NOTE: Notes like this one included below once action has been taken with respect to each point (PD aka
PatrickDowler). If TAP doc version is not specified, it is TAP-0.41.
Major points/issues/questions
- /sync vs /async: I think it preferable if it were possible to make a choice for implementing /sync and/or /async and not mandate both /sync and /asyn ADQL.I think /async is so much harder to implement that a /sync-only service should be allowed, but I can imagine if some implementers would prefer always /async for data queries. I propose that either (or both) is allowed, and should be part of service metadata.
NOTE: post to dal mailing list (2009-03-02) to explain and initiate discussion (PD)
- Metadata: (at the bottom of this page a proposal for a UML data model containing all contents already in TAP_SCHEMA model and extra. From it XML schema and TAP_SCHEMA tables can be easily derived. Based partially on discussions on mailing list.)
- foreign keys MUST be queriable (though may not exists ofcourse), therefore added to metadata
- indexes MUST be queriable (though may not exists ofcourse) , but MUST NOT be specified simply with an index=true attribute on column metadata
- "SQL type" SHOULD (MUST?) be added as possible data type to column metadata.
- IF UDFs are really part of ADQL, metadata about them MUST be queriable (though ... ); maybe here also the standard functions such as INTERSECTS etc should then be specified IF they are supported.
NOTE: metadata discussion deferred until after next draft (PD)
- Grouping of and dependencies between HTTP parameters for the different request types should be made explicit.
- Imho, MAXREC and MTIME parameters should not be mixed with ADQL.
NOTE: This should be much more clear in TAP-0.4 (PD)
- Case sensitivity: The QUERY parameter is supposed to be case sensitive. Imho this should not be the case.
- ADQL is case insensitive. So are some major online databases (SDSS, Millennium, others?). So are many default settings on relational databases.
- Propose that case sensitivity is only an issue for column values, not (never ?) for names of tables and columns etc.
- Propose to make this a capability, possibly can be added at level of complete database, or schema, or table, or even column level. It is only relevant for (VAR)CHAR columns, maybe the T and Z in iso8601 dates(?).
NOTE: posted explanation and request for comment to dal mailing list on 2009-03-02 (PD)
line-by-line notes/questions/issues
(s=section,p=page,par=paragraph on page or in section).
- s1 p4 par2: "... it is not a table containing links to data object ...". I suppose that if someone publishes a table that contains links to data sets, images or spectra, there is no problem with that. Queries might than indeed produce such links.
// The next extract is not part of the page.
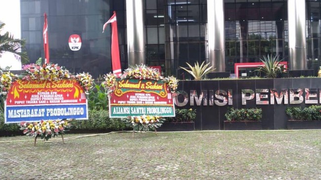Tampak ada dua karangan bunga di kantor KPK di Jakarta. Dua karangan bunga dari warga dan Aliansi Santri Probolinggo itu bertuliskan 'Selamat dan Sukses kepada KPK Atas Penangkapan Bupati Probolinggo Puput Tantriana Sari dan Hasan Aminuddin'.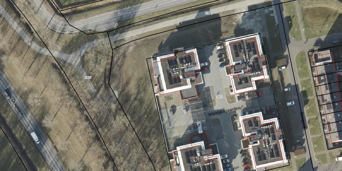 Het perceel waarop Wieldijksgaarden 23 staat heeft een oppervlakte van 5360 m². Dit is een zeer groot perceel. De perceeloppervlakte wordt geregistreerd door het Kadaster. Gedetailleerde informatie over de maten van dit perceel kunt u vinden in het rapport Kadastrale kaart met maatvoering van Wieldijksgaarden 23.

NOTE: This was already gone in 0.4 (PD)
- s1 end p4: ".. is not visible to users." I don't know whether it is necessarily a good idea to completely abstract away from a user whether there is a relational database on the backend or not. In some sense the fact that one can send ADQL, which is clearly an SQL dialect, makes users expect relational database technology. They may then also expect, and use, some specific database features such as indexes and foreign keys when writing their queries.
Also I think if this abstracting-away would translate into a suggestion to potential implementers, that they could just as well implement TAP on files, we'd do them a disservice. The best way to suport
ADQL queries is by storing one's results in a relational database and pass it the
ADQL, possibly slightly adapted. Not write one's own database engine.
NOTE: extra text about abstraction removed for clarity (PD)
select POINT(c.coordSys, t.ra, t.dec)
from (select 'ICRS' as coordSys) c
, table t
...
- s2.4.4 p13 "The service SHOULD implement the LANG parameter." What if the service does not, which language/version is supposed to be supported. Is this a capability ?
- s2.4.5 p13 par1 Could the acceptable MIME types be listed explicitly in the document?
- s2.4.5 p13 list Might it be useful to have an html-table (i.e. starting with <table..> and ending with ) as possible return type. Such a result could be added to a wrapping web page, possibly AJAX like. Might TeX tables be of interest?
- s2.4.5 p13 list Is it allowed for the VOTable to contain data in all its DATA types available, TABLEDATA, BINARY, FITS, also LINKs iso DATA? (Maybe answered in 2.12?)
- s2.4.6 p14 par1 "...name for the table name SHOULD be an unqualified tablename...". Seems a requirement on clients, but not a MUST. What if not obeyed?
- s2.4.7 MAXREC seems not necessary for ADQL, as TOP plays that role there. Useful for ParamQueries though.
- s2.4.7 p14 par4 "...if overflow occurs, MAXREC plus one rows should be returned to indicate that overflow occurred ...". In my opinion, if a user requests that MAXREC rows are to be returned, either using this parameter, or using TOP in ADQL, I think MAXREC rows (or less) MUST be returned, not MAXREC+1. In particular, enforcing this would mean that the obvious implementation (using TOP or LIMIT in the SQL) would need to use TOP ..+1 etc. ONLY if the service's "maximum permitted value for MAXREC" is reached should an overflow warning be give, but in the manner described in 2.8.4, using an INFO element.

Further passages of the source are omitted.